_Task details_. Leave out the pictures, and retype only the lines from the beginning of the material through the line that contains "Pew Pew Madafakas", including both.

- - - - -

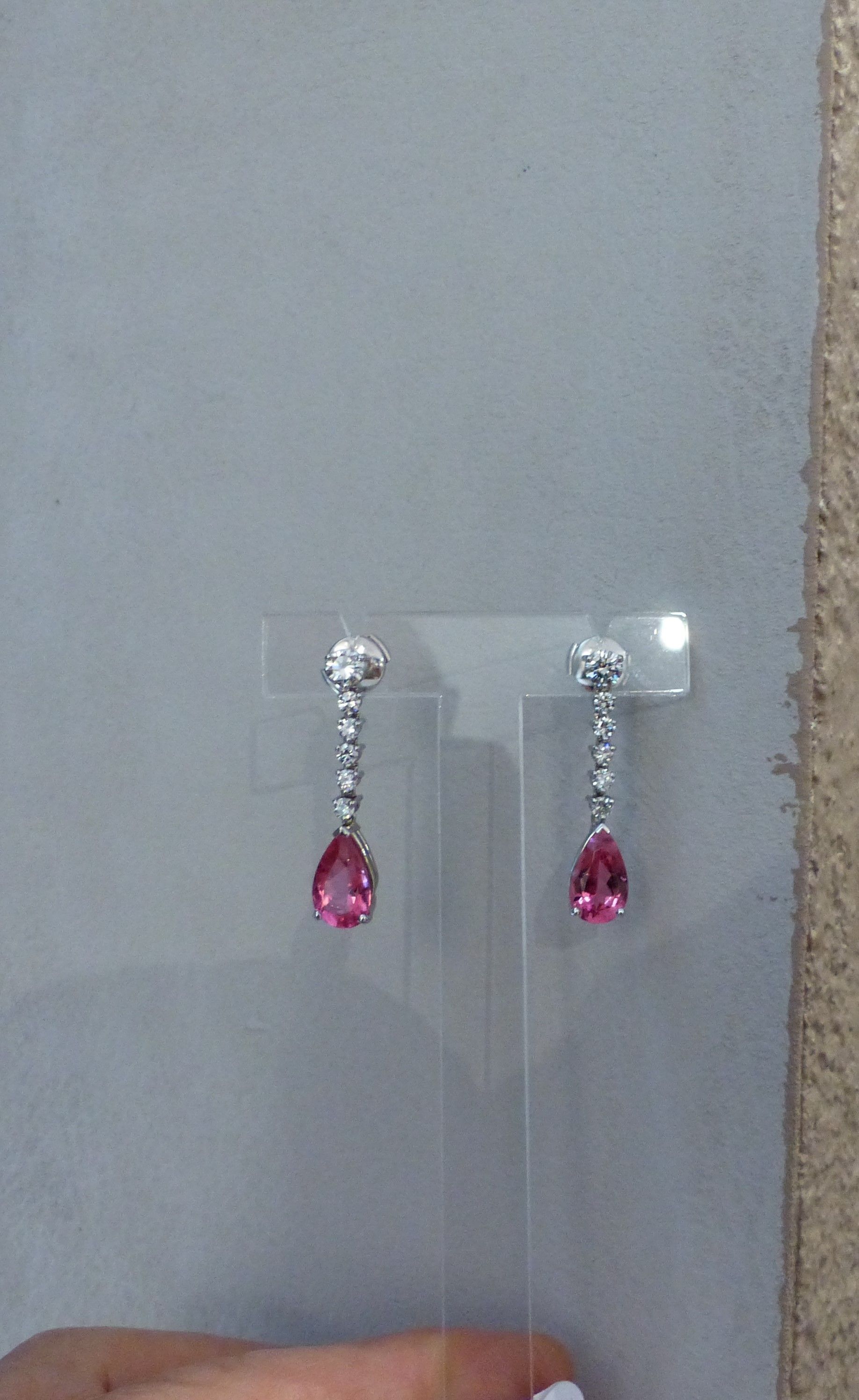 B oreilles : Très belles tourmalines roses et diamants. Certification CGL sur tourmalines 4cts55 taille poire.
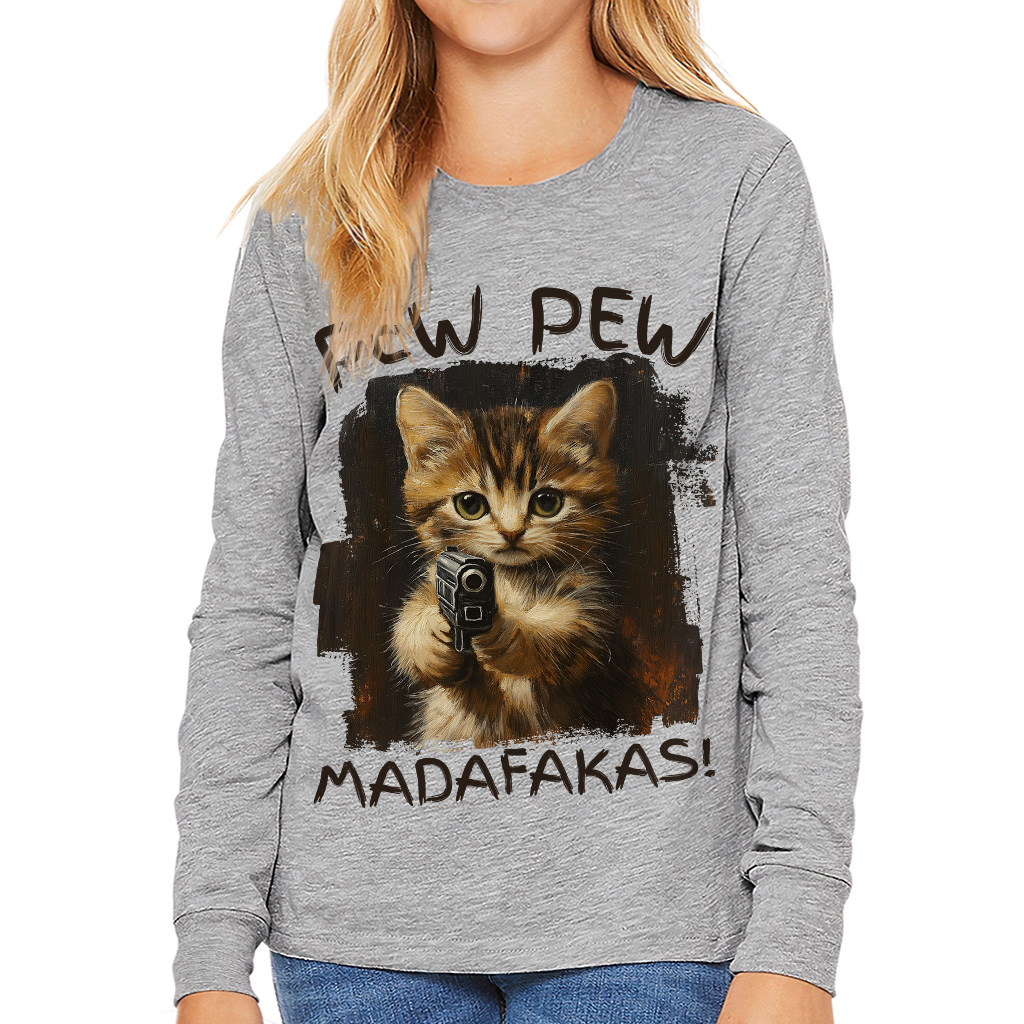 Pew Pew Madafakas Kids’ Long Sleeve T-Shirt – Funny Kitten T-Shirt for Kids – Cat Lover Tee for Boys Girls
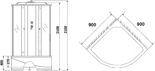 NG-8308-14 – душевая кабина от отечественного производителя Niagara, выполненная в классическом белом цвете. Имеет форму полукруга, за счёт чего легко впишется в ванную комнату любой площади. При ширине и длине кабины в 90 сантиметров обладает высотой 2,2 метра. Устанавливается на ножки с возможностью регулировки.
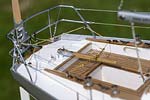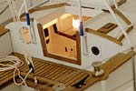 Auf meiner Homepage, Datum 24. Mai 2004, habe ich ja schon eine Zwischenbilanz gezogen, und jetzt kann ich nur noch ergänzen: Rumpf und Deck sind aus Holz, ebenso der Mast (sechsfach verleimt). Luken beweglich mit Schraubverschlüssen, die Aries ist funktionsfähig. Ich wiederhole: alles im Maßstab 1:10. Unter Deck hat der Filigrantechniker selbst mein Kojen-Schlingerbrett nicht vergessen. Wer ganz genau in die Kajüte schaut wird Weltkarte, Barometer, Uhr, Hydrometer am Schott erkennen.
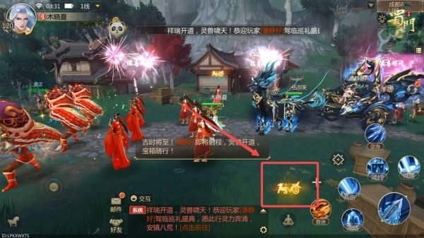 巡礼开启后将会昭告天下,全服蜀友均可看到巡礼开启公告。前往成都西郊地图后,界面右下方会出现一个马车图标,点击图标便能自动寻路至巡游地点,与战力王者共同巡游守护蜀山。
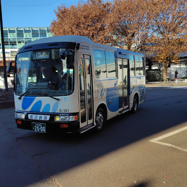 志村けんさんに、見送られて東村山駅を発車する『銀河鉄道』の路線バス!
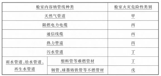 A.阻燃电力管道舱室,火灾危险性为丙类
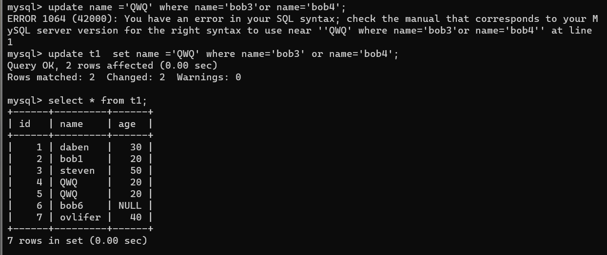 update t1 set name='QWQ' where name='bob3' or 'bob4'
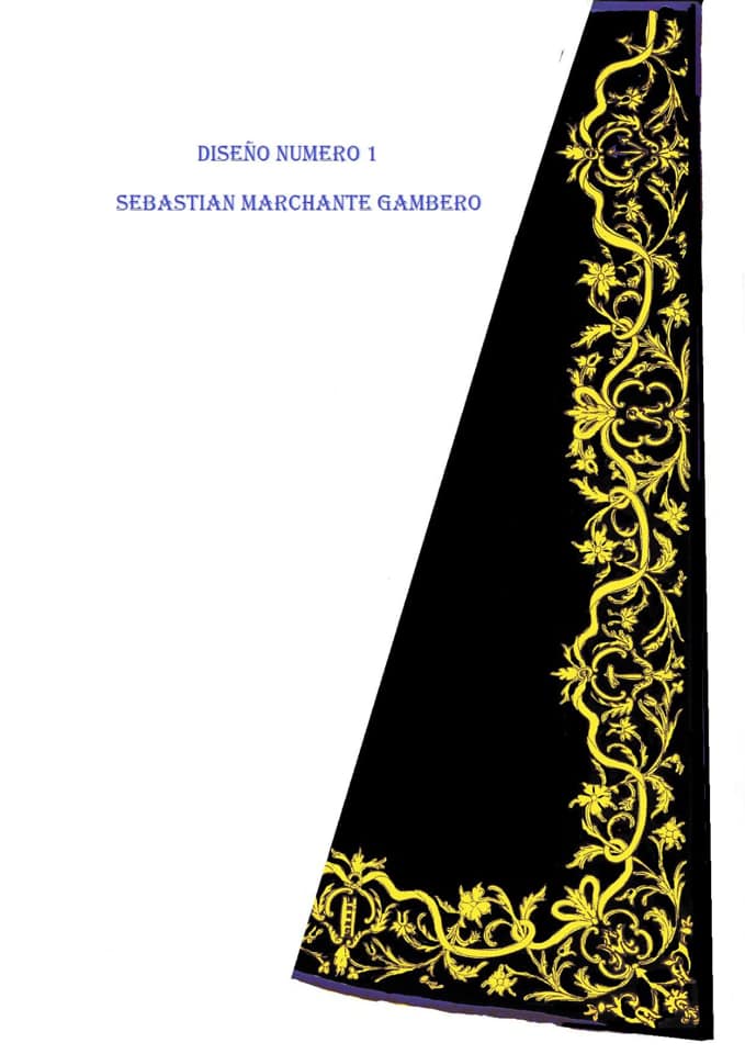 El manto será ejecutado en terciopelo negro bordado en oro fino, y en el mismo se representarán, entre otros exhornos, los elementos de la pasión de Jesucristo, siguiendo la temática contenida en el primitivo palio de Nuestra Señora de la Soledad, que la Cofradía conserva cuidadosamente enmarcado en la casa de hermandad y que data del primer cuarto del S. XVIII. Pieza que ha servido de inspiración al artista malagueño para la concepción del encargo, por ser acorde al estilo de bordado que caracteriza a esta cofradía del Viernes Santo de Antequera.

- - - - -

_Answer below_.
 B oreilles : Très belles tourmalines roses et diamants. Certification CGL sur tourmalines 4cts55 taille poire.
 Pew Pew Madafakas Kids’ Long Sleeve T-Shirt – Funny Kitten T-Shirt for Kids – Cat Lover Tee for Boys Girls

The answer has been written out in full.